My
Thoughts on Writing Compilers and Parsers
The DIY Compiler Website
First Posted October 17, 2012
Last Update July 6, 2013
I am probably not qualified to actually comment on this subject, but,
this is the internet. We can all say what we want, even if it
is
incohernent dribble.
The most difficult thing
to write, perhaps, for a compiler is the parser. At the very
least, it is the most difficult to understand. Many of the
rules
concerning grammars are a complete mystery to me still. When
a
parser generator tells me that a grammar is ambiguous, most
of
the time, I am at a complete loss as to what to do. Although,
I
am still learning. And, as it turns out, I am not the only
one
with this problem. It seems that a lot of people out there
writing parsers are just as, or maybe even more clueless than myself.

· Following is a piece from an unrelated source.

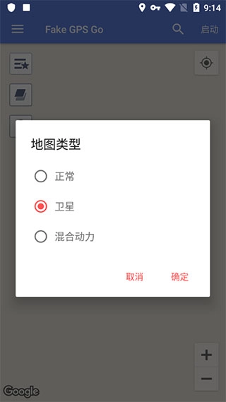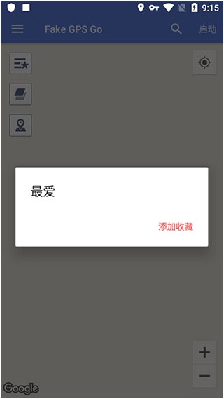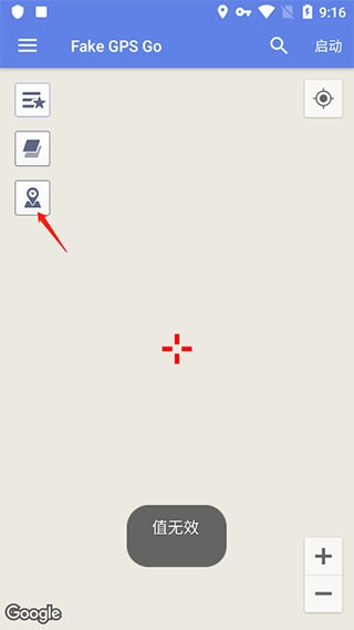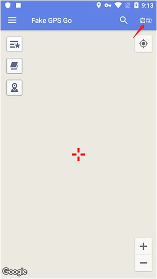 打开Fake GPS Go虚拟定位软件,点击右上角的启动按钮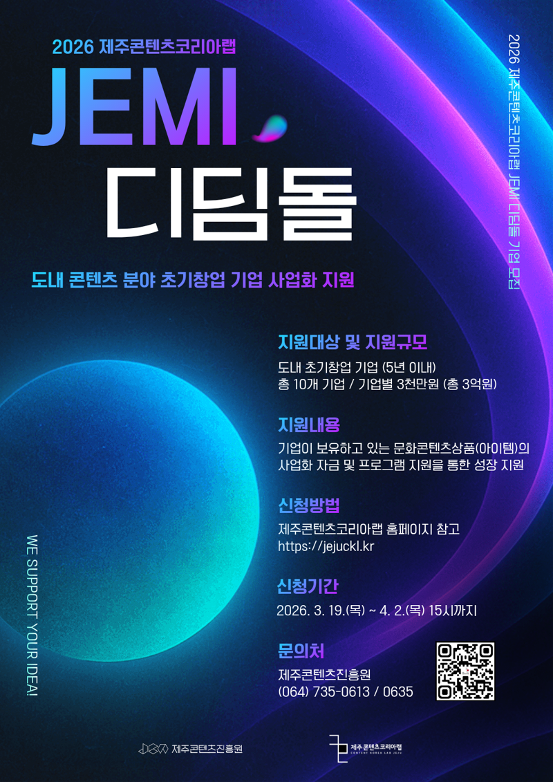 제주콘텐츠진흥원(원장 강민부)은 제주콘텐츠코리아랩 운영사업의 하나로 ‘2026 JEMI 디딤돌 지원사업’ 참여기업을 4월 2일까지 모집한다고 밝혔다.

The easiest way to write a parser is to
use a parser generator program. Here is a list of my
favorites.
1. Anagram
This program was written by Jerome Holland. He passed away
near
the beginning of the 21st century. But as of this writing,
his
website is still up and you can download a fully working copy of
Anagram. Anagram is an LALR(1) parser generator.
However,
it has a lot of extra features that make it quite powerful
and
flexible. It is also fairly easy to use. When I
first got
it, it did not take long for me to be generating grammars and parsing
input files. One feautre it has is that parsers can be made
fairly easily that do not require scanners. Although, I have
found that if it is any thing remotely complicated, having a lexer make
life a lot easier. If you need a lexer, you will have to use
either a lexer generator, or another Anagram grammar that will function
as a lexer, or just hand code one.
2. LRstar
This program is written by Paul Mann. It will generate either
an
LALR(1) parser or an LALR(k) parser. The fact that it will
generate a parser for more than one lookahead is handy because some
languages are imposible without this feature. However, so
far, I
have not encountered anything I could not do with just plain old
ordinary LALR(1). One of the things I like best about this
parser
generator is the diagnostic information it gives you in the conflicts
report. Using the data in this report made it very easy to
correct the conflicts in the grammar I was working on.
Another
handy thing is that this program has built in Abstract Syntax Tree
generation (AST). LRSTAR can be acquired on sourceforge.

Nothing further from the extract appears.